No contacto social, surgem, não raras vezes, dúvidas sobre a forma de reagir, olhar ou auxiliar a pessoa com demência. A dúvida ou a ideia de que nada pode ser feito para ajudar levam, muitas vezes, à insegurança, à desesperança e à frustração.
Com alguma facilidade deparamo-nos, também, com anedotas sobre o tema. Bem sabemos que o “humor” pode aligeirar e facilitar a abordagem aos temas mais difíceis ou temidos. E, de facto, a demência é uma das doenças mais temíveis.
Os estudos de opinião revelam que o medo de receber um diagnóstico de demência pode superar, inclusivamente, o medo de desenvolver cancro, doenças cardíacas, diabetes ou um acidente vascular cerebral.
Para além desta dimensão sentimental (afectiva), o estigma e a discriminação das pessoas com demência envolve uma dimensão cognitiva (crenças e preconceitos) e comportamental.
A campanha “Amigos na Demência” pretende, assim mesmo, reduzir o estigma associado à doença, sensibilizando e ajudando os portugueses a compreenderem como é que a demência afeta o dia-a-dia dos nossos amigos, familiares, vizinhos ou clientes. Na prática, a iniciativa propõe-se a alterar comportamentos para tornar a nossa sociedade mais empática e amiga das pessoas com demência.

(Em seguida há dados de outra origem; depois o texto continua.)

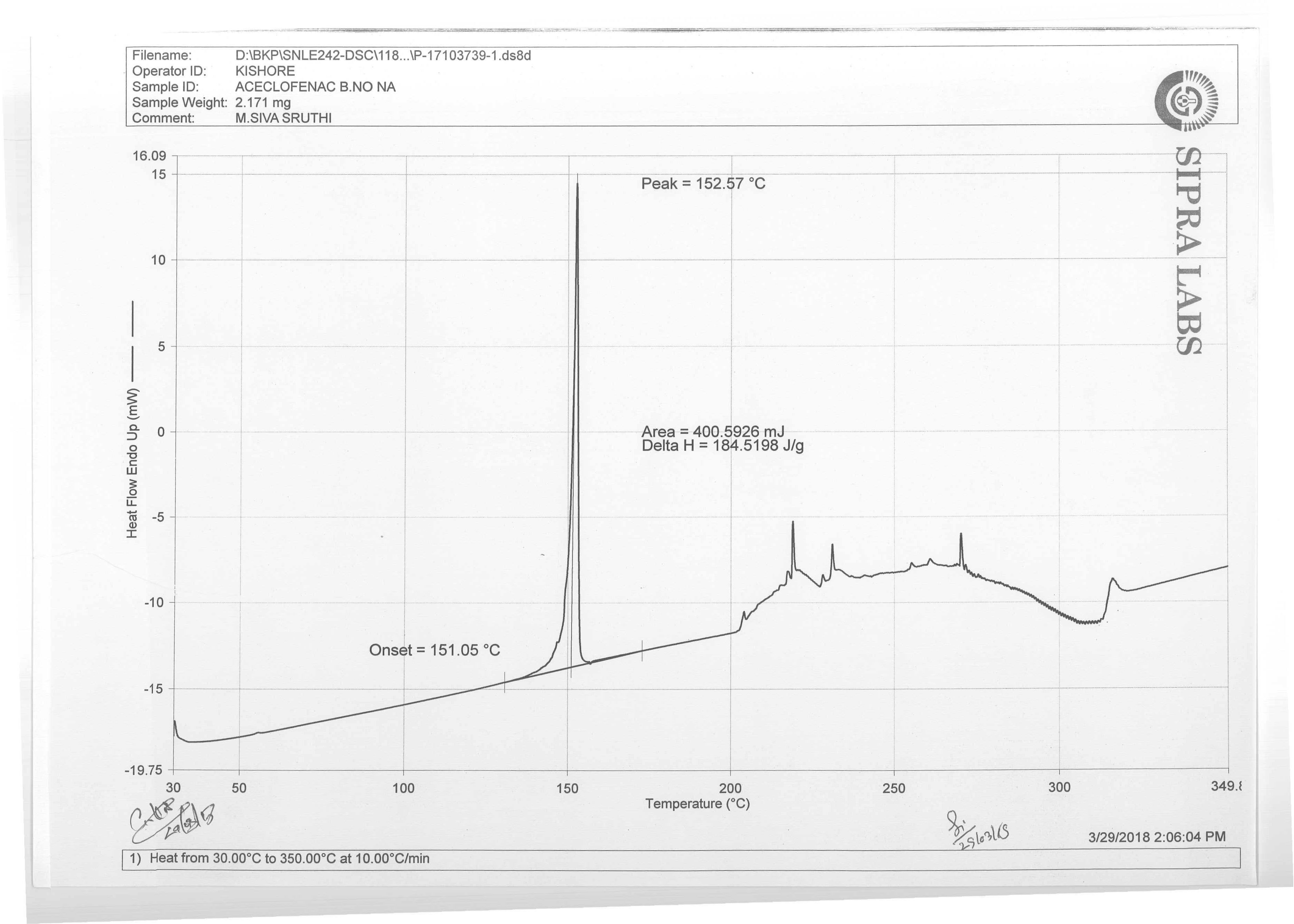 Thermogram was recorded on Perkin Elmer Thermal Analyser. Thermogram of pure drug (aceclofenac) and excipient drug mixture in 1:1 ratio was recorded and compared.

Em situação de fragilidade, qualquer que seja a conduta adoptada por ambas as partes, haverá, muitas vezes, a sensação de que o outro atribui significados não intencionais às nossas ações. Esta situação tende a agravar-se com o isolamento, mas sobretudo com o comprometimento emocional e cognitivo, fazendo com que os indivíduos estigmatizados desenvolvam estratégias de encobrimento e tentem garantir ao máximo uma vida normal. O doente com Alzheimer (tipo mais comum de demência), por exemplo, esforça-se por mostrar bom desempenho e recorre a subterfúgios para tentar ocultar as suas dificuldades, especialmente nas fases iniciais da doença.
Nestes casos, podemos evitar, por exemplo, conversas que requerem raciocínios complexos e que colocam a pessoa numa situação adversa, forçada a defender uma posição, numa altura em que conta com poucos recursos para o fazer (i.e. levando a que se sinta mal e se coloque à defesa). No sentido contrário, podemos promover a autodeterminação e a capacidade de escolha (autonomia), ajudando, na medida do possível, a diminuir a dependência (necessidade de ajuda) e a aumentar o controlo da situação (controlo percebido). Veja-se, a este respeito, a diferença entre mostrar um armário cheio de roupa ou duas peças que sabemos serem significativas para a pessoa, solicitando que escolha o que quer vestir.
Qualquer pessoa, de qualquer idade, pode também fazer a diferença, tornando-se Amigo na Demência.
Um Amigo (1) na Demência é, na prática, alguém que está disponível a aprender um pouco mais sobre como é viver com demência, mas também transformar essa aprendizagem numa ação (pequena ou grande) a favor das pessoas com demência. Tão simples como não usar a palavra "demente" ou falar a 5 amigos sobre esta campanha. Ajude a reduzir o estigma e torne-se também amigo na demência!
[1] Segundo Carl Rogers, a amizade deve contemplar (i) a expressão de afecto (positivo) e a aceitação do amigo, sem condições ou expectativas (centrado no outro e simplesmente por existir), mas também (ii) a compreensão (sem julgamento) e a disponibilidade para ver o mundo pelos olhos do amigo. Para completar, o autor reforça ainda a importância de (iii) expressar com objetividade (sentimentos e percepções), promovendo um espaço para experiências de reflexão e conclusão (sobre si mesmo).
Referências
Batsch, N.L. and Mittelman, M.S. World Alzheimer Report 2012. “Overcoming the Stigma of Dementia”. Alzheimer’s Disease International.
Machado dos Santos, P. e Paúl C. (2016). Portugal Saúde Mental em Números — 2015: Estudo de opinião sobre as demências. Direcção-Geral da Saúde; Programa Nacional para Saúde Mental.